* **EXERCISE BRIEF**
Taking only the lines of the data below from the line with "3.3. NorD Is" to the line with "Брюки прямого крою", ends included, write them out exactly and without pictures.

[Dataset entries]
- - - - - - -
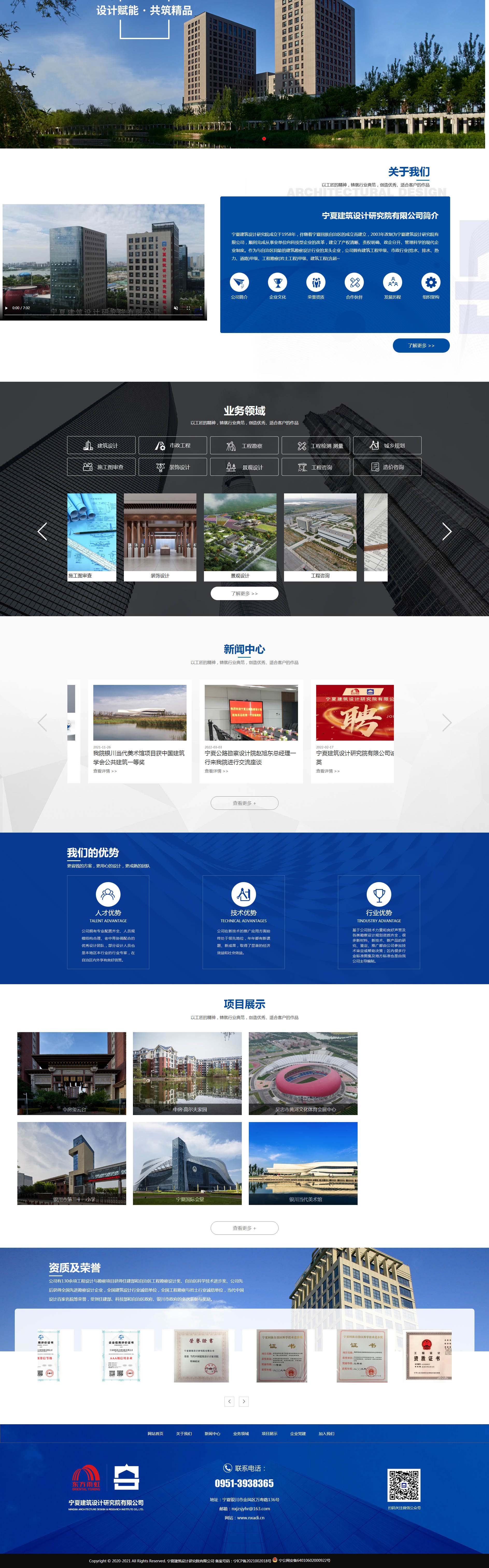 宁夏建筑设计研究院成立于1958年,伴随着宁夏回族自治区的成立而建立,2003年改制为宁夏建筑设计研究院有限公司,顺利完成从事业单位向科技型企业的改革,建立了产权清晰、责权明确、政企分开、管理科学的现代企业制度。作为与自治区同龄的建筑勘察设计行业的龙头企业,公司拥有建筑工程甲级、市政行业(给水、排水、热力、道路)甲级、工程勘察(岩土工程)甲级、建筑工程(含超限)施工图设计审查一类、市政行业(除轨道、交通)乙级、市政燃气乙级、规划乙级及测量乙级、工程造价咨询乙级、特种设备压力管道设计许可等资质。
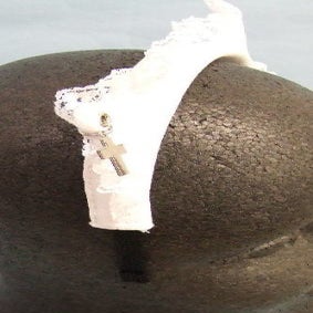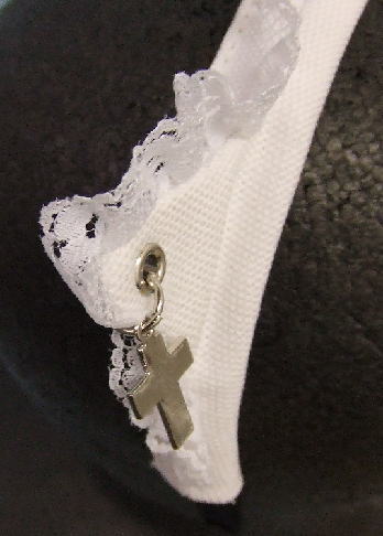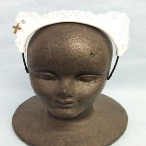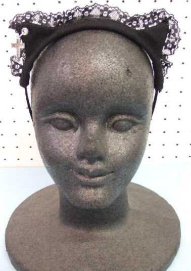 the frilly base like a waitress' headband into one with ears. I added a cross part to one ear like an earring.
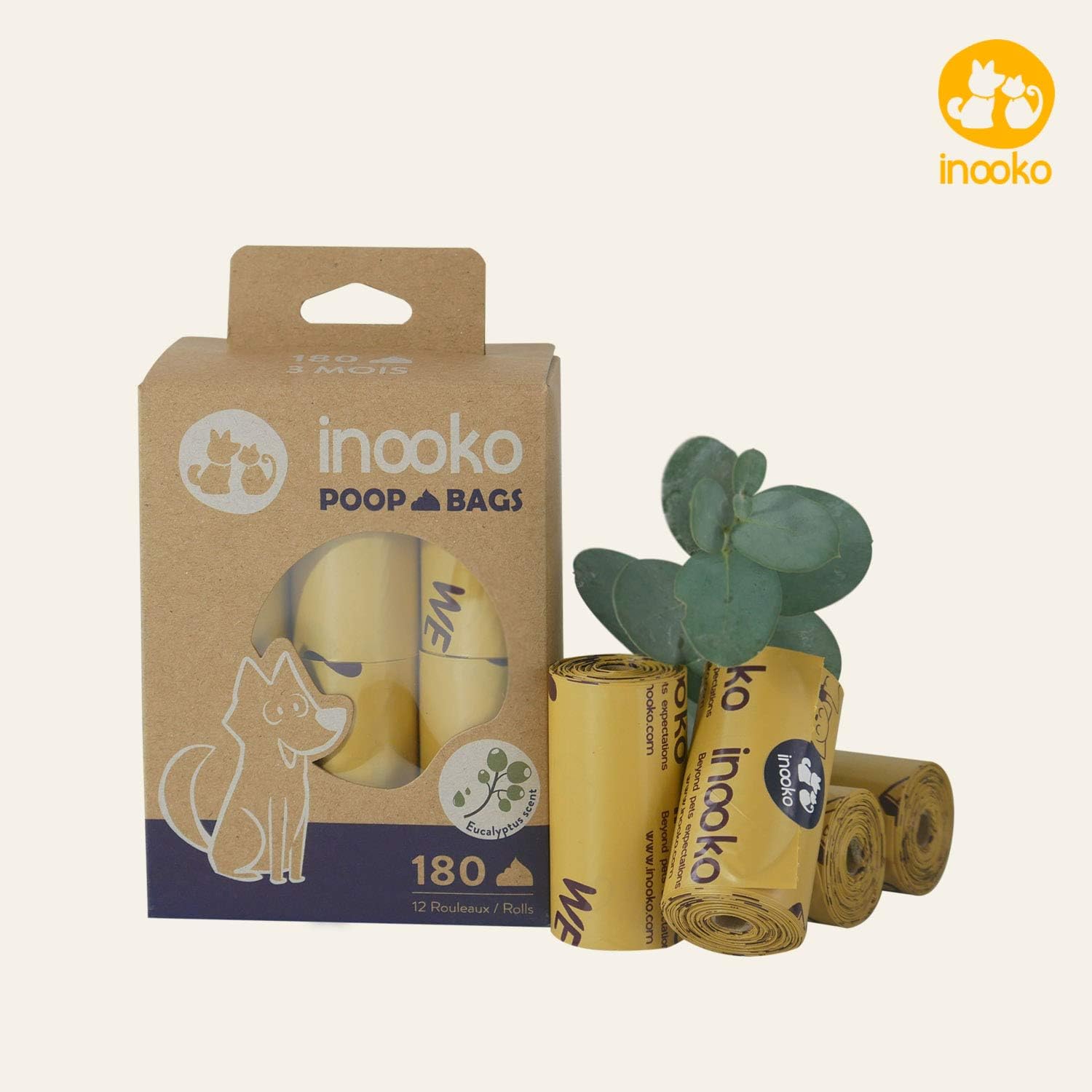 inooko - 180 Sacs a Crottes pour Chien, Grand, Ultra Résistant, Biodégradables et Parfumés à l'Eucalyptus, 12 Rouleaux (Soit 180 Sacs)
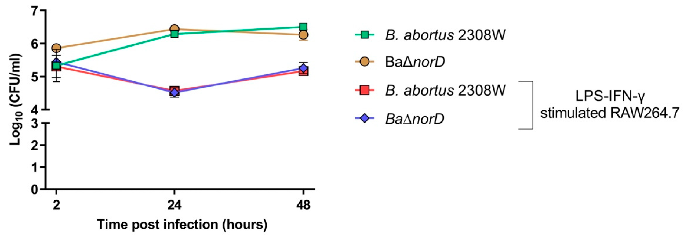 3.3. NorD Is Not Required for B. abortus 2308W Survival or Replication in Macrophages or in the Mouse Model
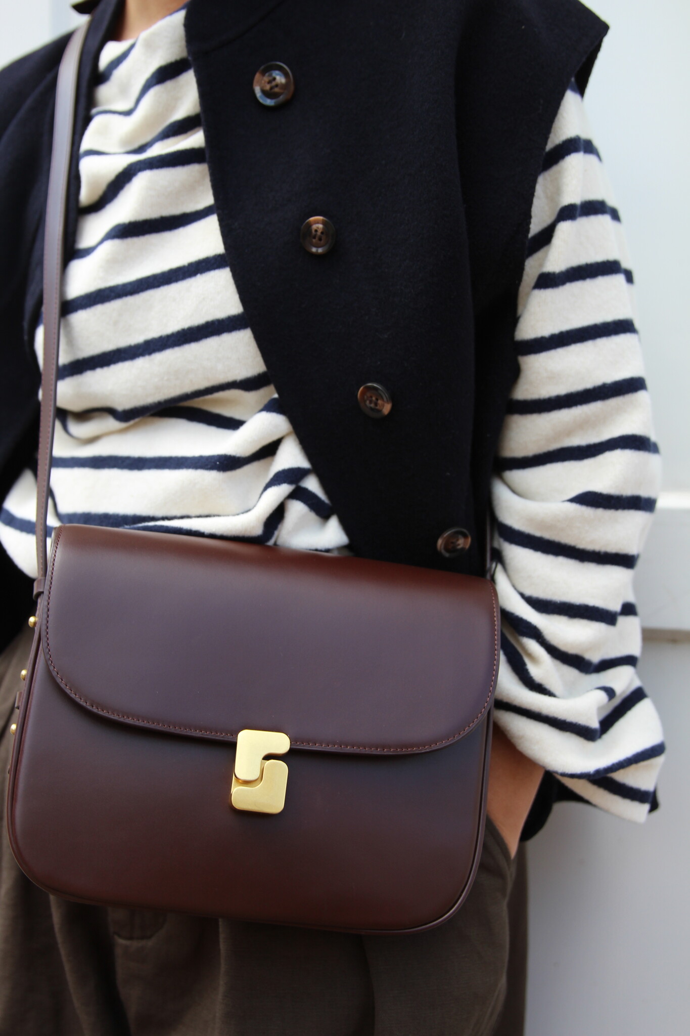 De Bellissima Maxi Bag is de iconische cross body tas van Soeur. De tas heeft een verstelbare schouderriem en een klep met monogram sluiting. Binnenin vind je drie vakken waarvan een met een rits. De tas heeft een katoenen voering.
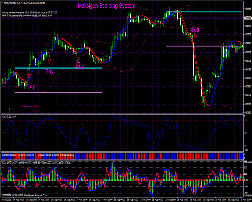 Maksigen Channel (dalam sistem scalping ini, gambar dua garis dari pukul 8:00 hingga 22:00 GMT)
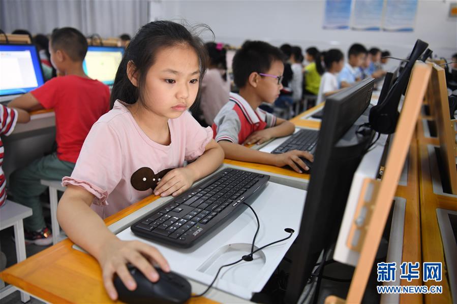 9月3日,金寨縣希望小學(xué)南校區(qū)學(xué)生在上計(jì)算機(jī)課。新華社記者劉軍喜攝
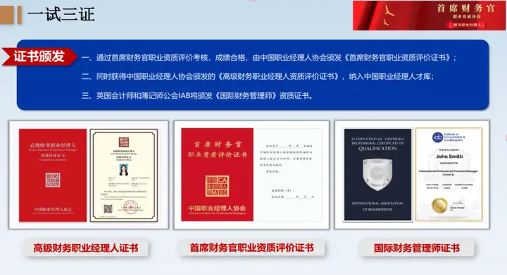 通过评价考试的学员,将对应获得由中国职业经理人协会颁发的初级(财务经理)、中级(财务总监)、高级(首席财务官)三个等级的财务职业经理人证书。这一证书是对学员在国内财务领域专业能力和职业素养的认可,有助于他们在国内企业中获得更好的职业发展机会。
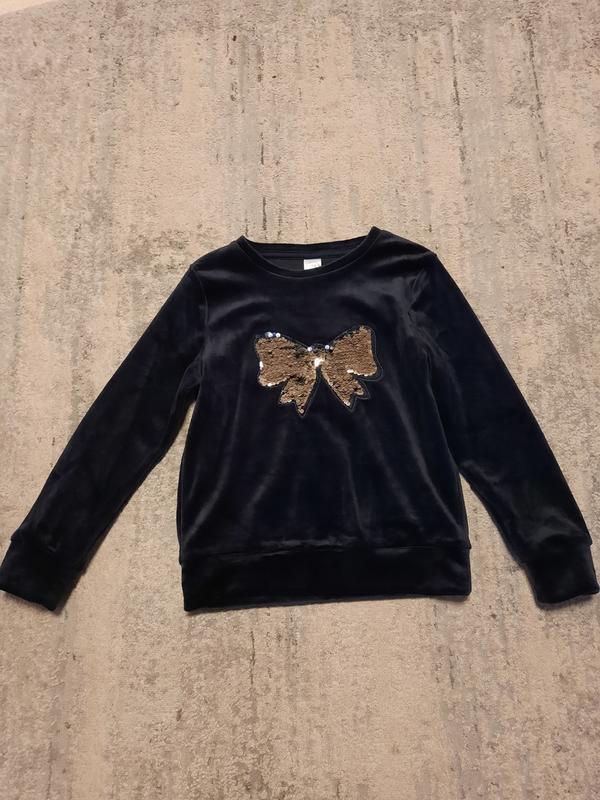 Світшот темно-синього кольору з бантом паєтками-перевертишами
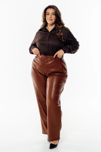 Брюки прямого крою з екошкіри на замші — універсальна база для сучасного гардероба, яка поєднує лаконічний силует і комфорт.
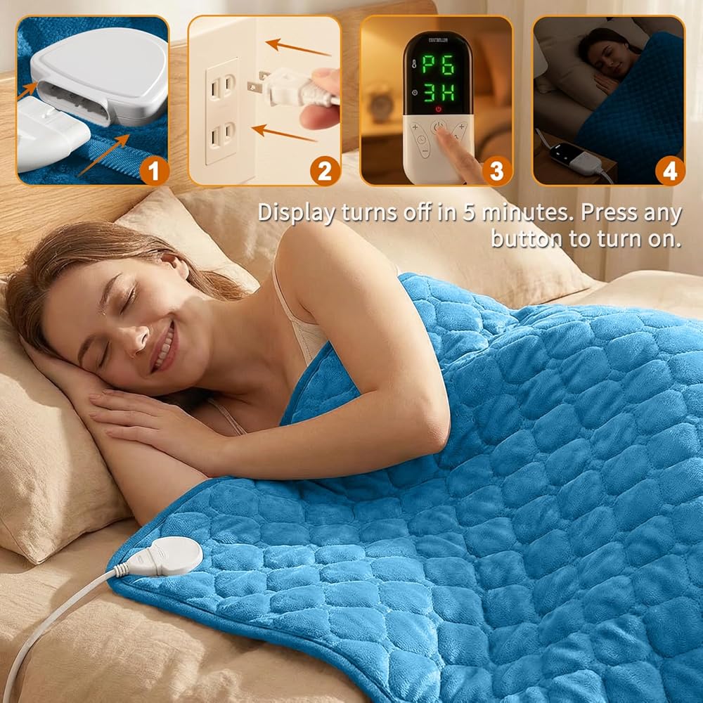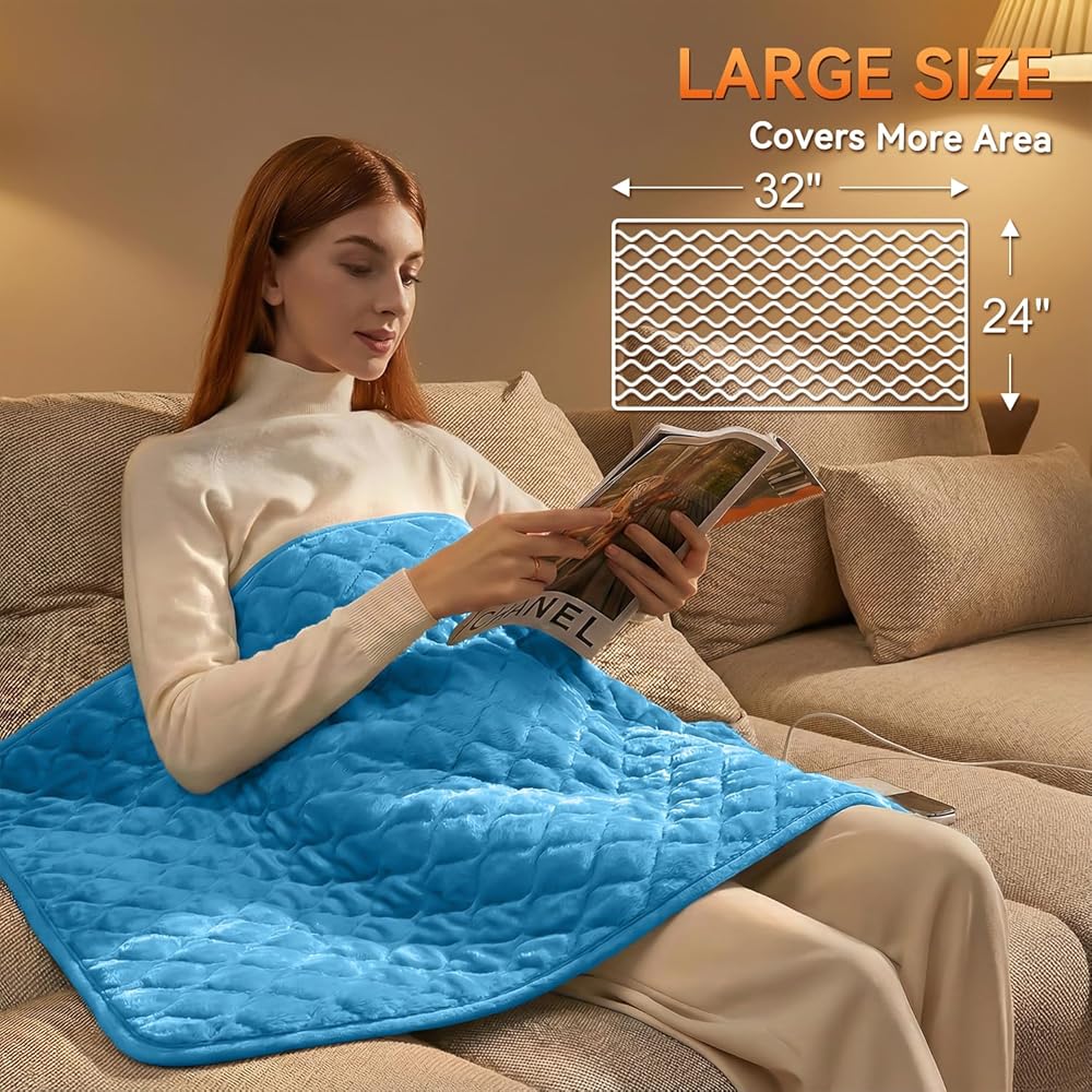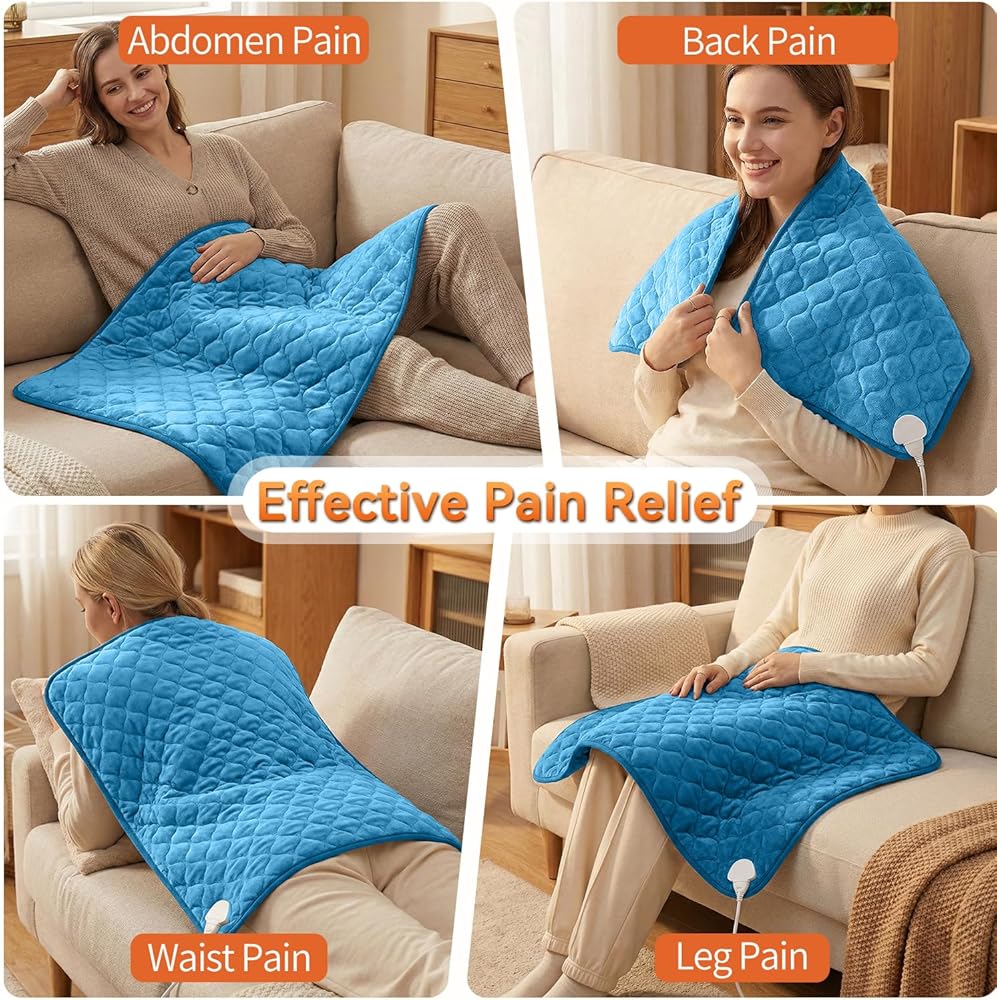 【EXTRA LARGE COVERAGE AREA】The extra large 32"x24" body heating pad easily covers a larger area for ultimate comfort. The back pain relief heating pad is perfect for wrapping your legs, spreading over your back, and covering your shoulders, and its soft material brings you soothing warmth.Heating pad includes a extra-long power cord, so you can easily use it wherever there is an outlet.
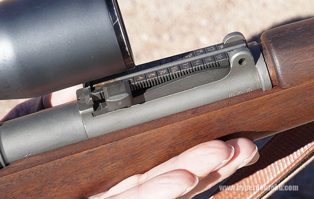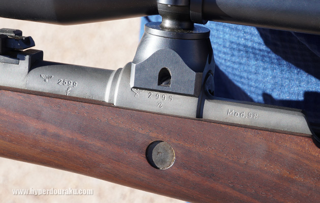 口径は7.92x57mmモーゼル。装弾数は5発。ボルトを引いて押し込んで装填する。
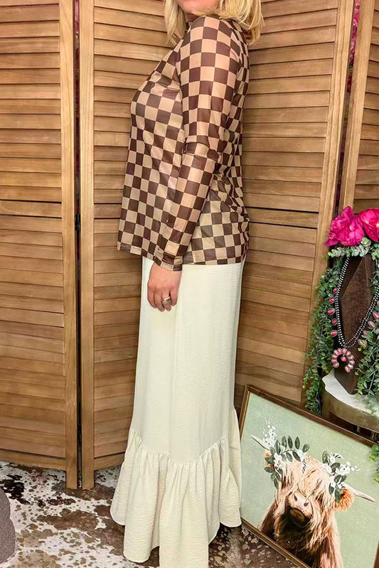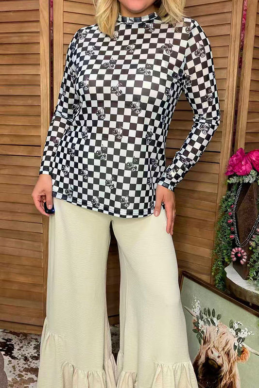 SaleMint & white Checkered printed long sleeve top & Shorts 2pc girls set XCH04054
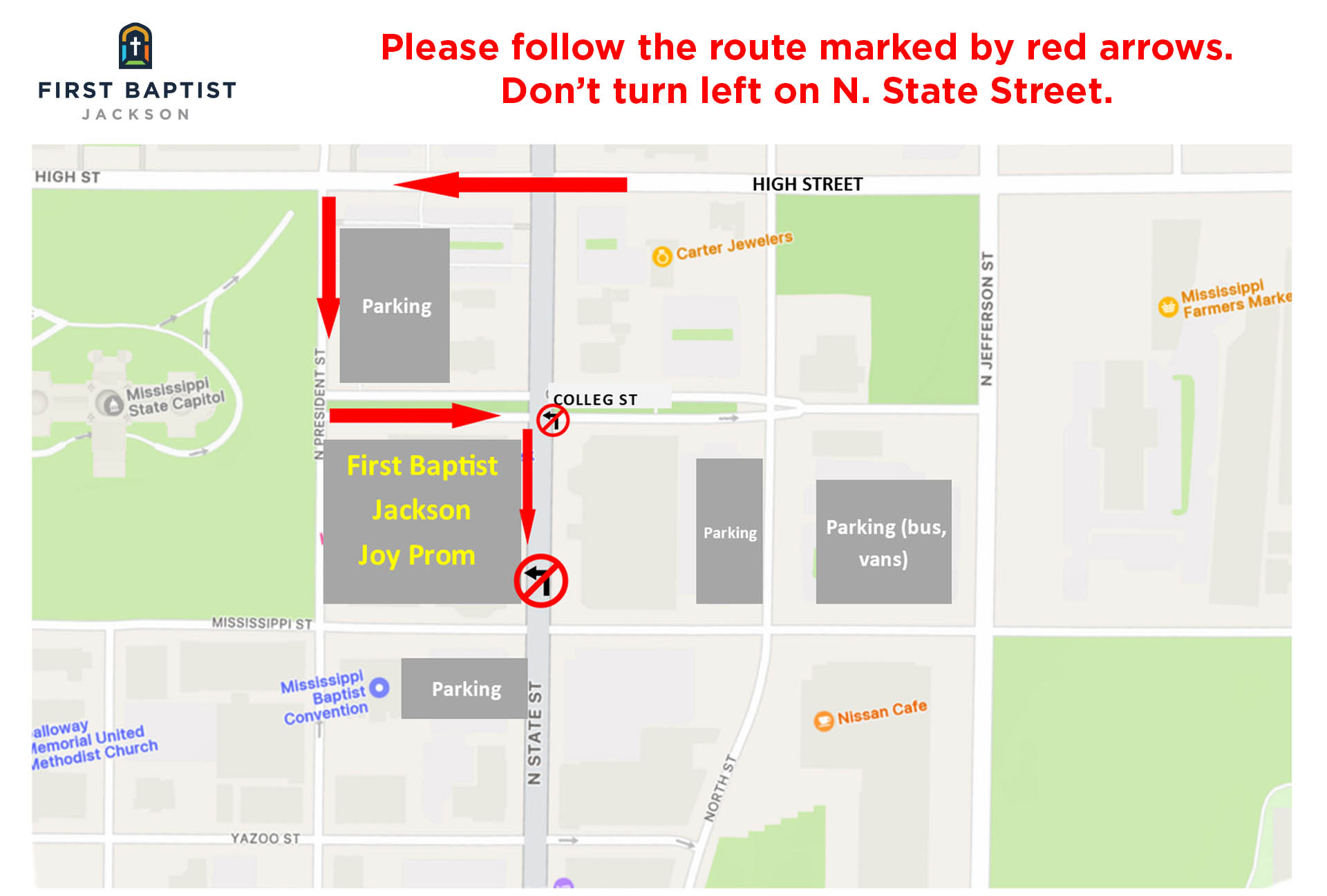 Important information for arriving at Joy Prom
- - - - - - -
* **TASK OUTPUT**
 3.3. NorD Is Not Required for B. abortus 2308W Survival or Replication in Macrophages or in the Mouse Model
 De Bellissima Maxi Bag is de iconische cross body tas van Soeur. De tas heeft een verstelbare schouderriem en een klep met monogram sluiting. Binnenin vind je drie vakken waarvan een met een rits. De tas heeft een katoenen voering.
 Maksigen Channel (dalam sistem scalping ini, gambar dua garis dari pukul 8:00 hingga 22:00 GMT)
 9月3日,金寨縣希望小學(xué)南校區(qū)學(xué)生在上計(jì)算機(jī)課。新華社記者劉軍喜攝
 通过评价考试的学员,将对应获得由中国职业经理人协会颁发的初级(财务经理)、中级(财务总监)、高级(首席财务官)三个等级的财务职业经理人证书。这一证书是对学员在国内财务领域专业能力和职业素养的认可,有助于他们在国内企业中获得更好的职业发展机会。
 Світшот темно-синього кольору з бантом паєтками-перевертишами
 Брюки прямого крою з екошкіри на замші — універсальна база для сучасного гардероба, яка поєднує лаконічний силует і комфорт.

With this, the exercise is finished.